■ The task ■
In the entries below, repeat only the lines between those holding "5. Select the" and "In for $50 and", inclusive. Leave pictures out.

■ Records from a data source ■

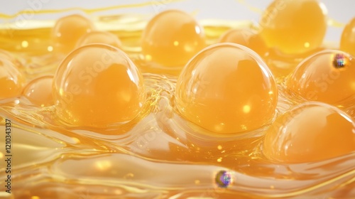 A close up of a yellow liquid with many small spheres floating in it. The liquid appears to be a mixture of oil and water, with the spheres representing bubbles. Concept of movement and fluidity
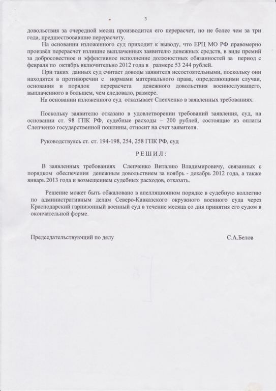 Добавлено спустя 6 минут 37 секунд:Таким образом, судебные инстанции пришли к правильному выводу о том, что руководитель Единого расчётного центра Министерства обороны Российской Федерации обоснованно пересчитал Слепченко размер денежного довольствия за ноябрь и декабрь 2012 года и январь 2013 года с учётом ранее произведенных выплат.
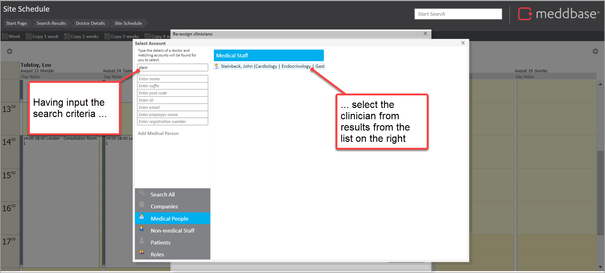 5. Select the required clinician to whom the sessions should be re-assigned (in a similar way to steps 5-6 in Scenario 2 above)
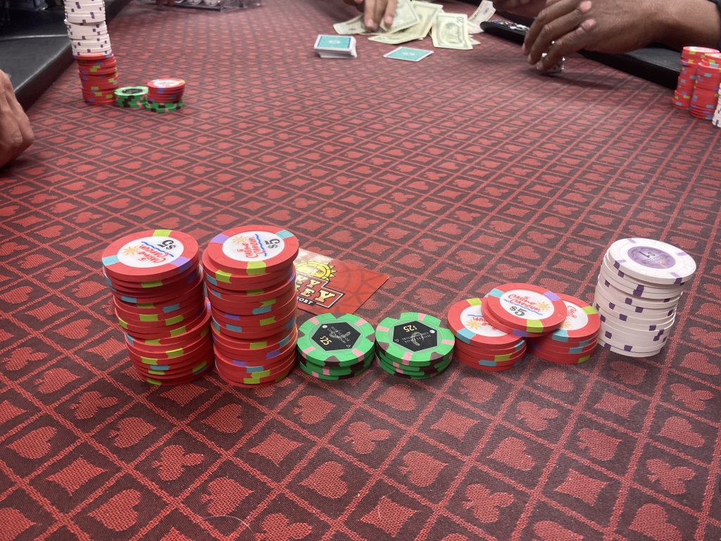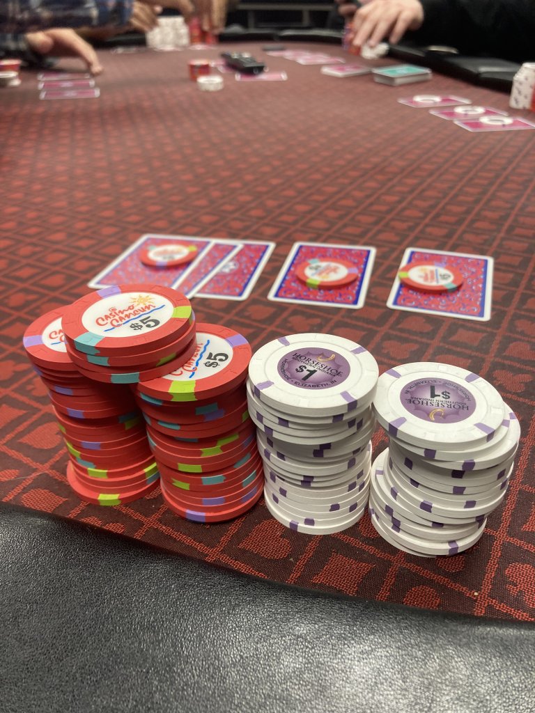 In for $50 and out for $121 on the cash game, in for $30 and out for $0 on horse racing after the hold em game broke.
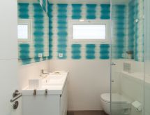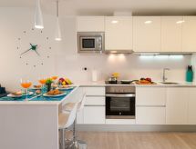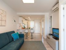 3-Zimmer-Wohnung "Aquarius 9", für 4 Personen, 60 m2, im Erdgeschoss, komfortabel und gemütlich eingerichtet. Wohn-/Esszimmer mit Sat-TV. Rauchen nicht erlaubt. Internet (Wireless LAN [WLAN]). Schlafzimmer mit 1 Doppelbett. Schlafzimmer mit 1 Ausziehbett und 1 Etagenbett. Wohnküche mit 3 - Platten Herd, Mikrowelle, Backofen, Esstisch, Kühlschrank und Tiefkühler. Dusche/WC. Terrasse, Terrassenmöbel. Weitere Ausstattung: Safe, Kinderhochstuhl, Haartrockner, Bügeleisen, Waschmaschine. 2022-T2833 Eine Terrasse ist vorhanden. Dank der Waschmaschine die Sie vorfinden, sind weniger Kleider zum mitschleppen. Das Haus ist auch mit einem Internetanschluss ausgestattet. Um auch mal was schnell selber zuzubereiten, steht ein Mikrowellenofen parat. Es gibt ein Ofen.- Charakteristik des Mietobjekts

■ Response to the task ■
 5. Select the required clinician to whom the sessions should be re-assigned (in a similar way to steps 5-6 in Scenario 2 above)
 In for $50 and out for $121 on the cash game, in for $30 and out for $0 on horse racing after the hold em game broke.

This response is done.